Simplicity and God Objects

Credit: flickr / Stinging Eyes

There’s an anti-pattern in Object Oriented programming called “God object” or “God class”. An pattern is a design to follow. An anti-pattern is something to avoid. A God class is a class that knows and/or does too much. Breaking a problem down into well-defined units of limited scope is part of writing good code that can be updated later by someone else, and hopefully reused elsewhere.

Three things happened last week that got me thinking about simplicity in general.

Physical Simplicity

My boyfriend hung my art and I finally finished unpacking. I am in love with my space, how open and clean and uncluttered it is, and the pictures from my travels filling my wall space.

I’ve been throwing stuff out, and trying something where I don’t buy anything in February. I mean, I buy things I run out of (soap etc), I bought picture frames, hooks for hanging them and the two bamboo plants that frame my window. And I bought Kindle books and a TV series on iTunes (weirdly, these did not seem like purchases due to lack of physical objects and I only realized afterwards). But, having this mentality that I shouldn’t buy anything has made me interrogate what I would bring in without thinking, usually.

My policy is that if I wouldn’t take it with me on a move to another country and I’m not using it regularly, I should get rid of it. I hope this month’s awareness will stay with me because it’s apparent that to keep the empty space and lack of clutter is harder than accumulating things. It means interrogating every purchase and saying, “What will this add to my life? What will this replace?” – and it’s a constant project to decide what I’m no longer using and should get rid of.

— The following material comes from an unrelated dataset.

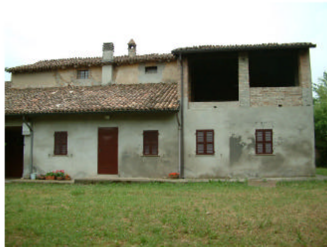
5. Edificio 1, parti 1d e 1e. Fronte nord

Simplicity of Reusable Code

One of my colleagues made a reusable component, that I also was to use in my code for a particular button. I wrote the code around it on Monday, thinking I would have to change one method. On Wednesday, I got his component which worked differently than I expected. What I hoped would be a short fix took much longer, by the end of Wednesday I had it working – but only when the image part of the button was clicked, the spacing around didn’t work. There’s a long and complicated reason for this, but basically we were using two different types of buttons.

Thursday, I returned to my war with the button and by the end of the day it was working wherever you clicked. But in the process the reusable component had become a tangled and horrible mess that I was not going to submit. Initially it had fitted my colleagues purpose a little too well. Now, it fitted both his purpose and my purpose a little too well.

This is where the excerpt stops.